Documentation
¶
Overview ¶
Package htmltotext converts HTML content to plain text with proper formatting.
Overview ¶
This package provides HTML-to-plain-text conversion that:
- Decodes all HTML entities to their Unicode equivalents
- Converts hyperlinks to footnote-style references (Lynx/Pandoc convention)
- Strips all HTML tags while preserving meaningful whitespace
- Preserves block-level structure (paragraphs, headings, lists)
Link Formatting ¶
Links are converted to footnote-style references following the Lynx/Pandoc convention.
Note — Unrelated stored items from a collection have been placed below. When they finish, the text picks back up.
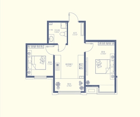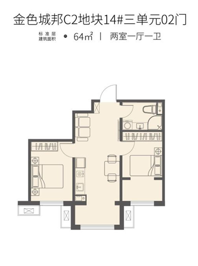 2室1厅1卫-建筑面积64㎡两室一厅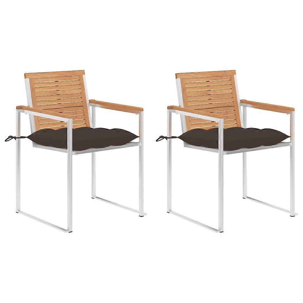 Gartenstühle mit Kissen 2 Stk. Massivholz Teak und Stahl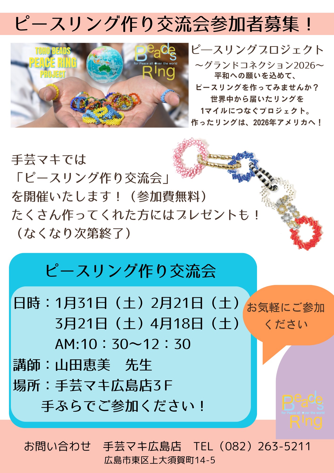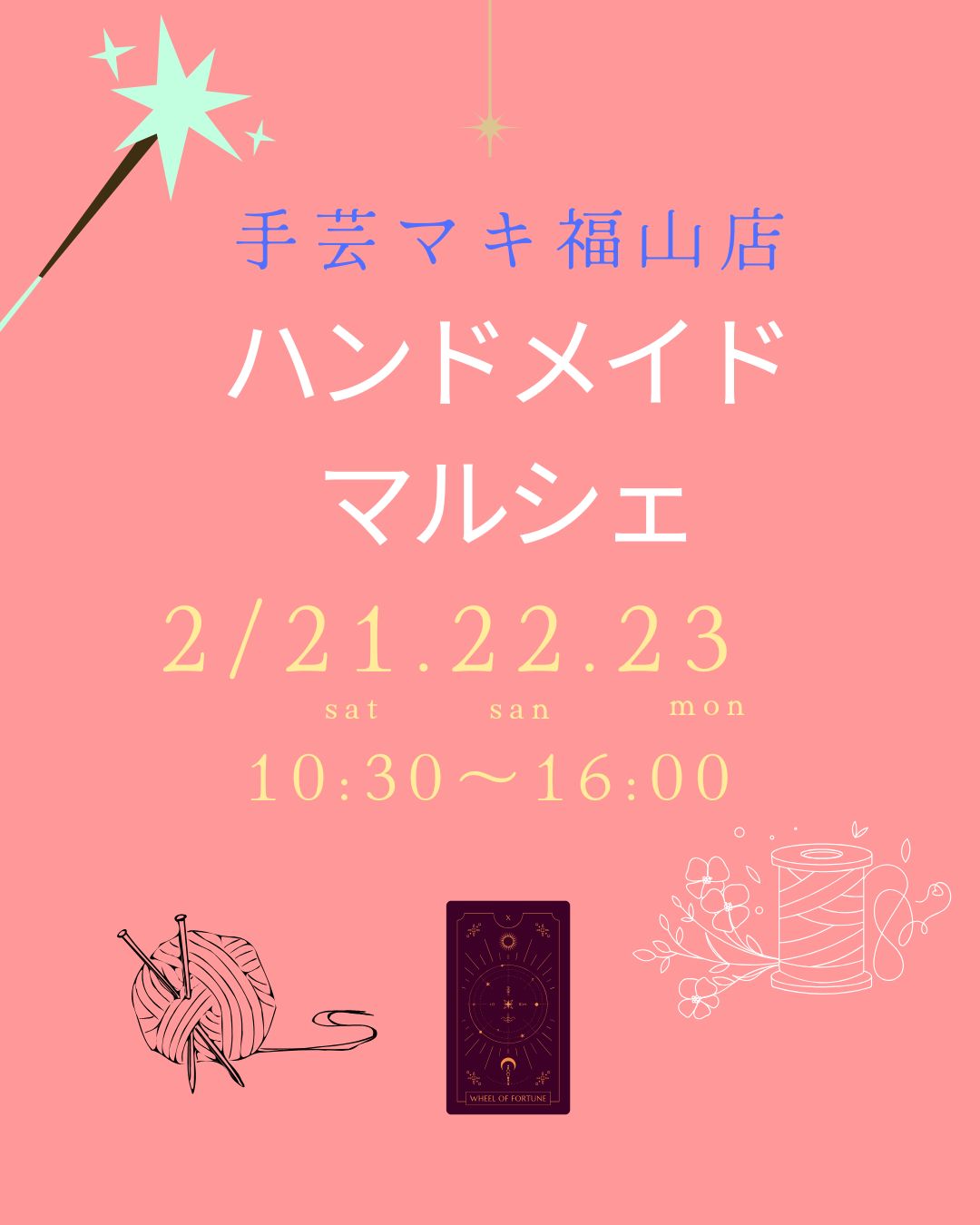 いつも手芸マキ福山店をご利用いただきありがとうございます。1.2.3月 週末&祝日限定ワークショップの作家さまを募集しています。☆ 1日2名限定☆ブース代 550円☆時間 10:30〜16:00手づくりの温かさを、みなさ […]

Each unique URL gets a sequential reference number:
Input: <a href="https://go.dev">Go</a> is great. See <a href="https://go.dev/doc">docs</a>.
Output: Go [1] is great. See docs [2].
References:
[1]: https://go.dev
[2]: https://go.dev/doc
When the link text matches the URL (bare links), no footnote is added:
Input: Visit <a href="https://go.dev">https://go.dev</a> Output: Visit https://go.dev
Duplicate URLs reuse the same reference number.
Usage ¶
text := htmltotext.Convert("<p>Hello & <a href=\"https://go.dev\">Go</a></p>")
// Returns: "Hello & Go [1]\n\nReferences:\n[1]: https://go.dev"
Index ¶
Constants ¶
This section is empty.
Variables ¶
This section is empty.
Functions ¶
func Convert ¶
Convert transforms HTML content into plain text with footnote-style link references. It decodes HTML entities, strips tags while preserving block structure, and appends a references section for any hyperlinks found.
Links where the visible text matches the URL are rendered inline without a footnote reference. Duplicate URLs share the same reference number.
Types ¶
This section is empty.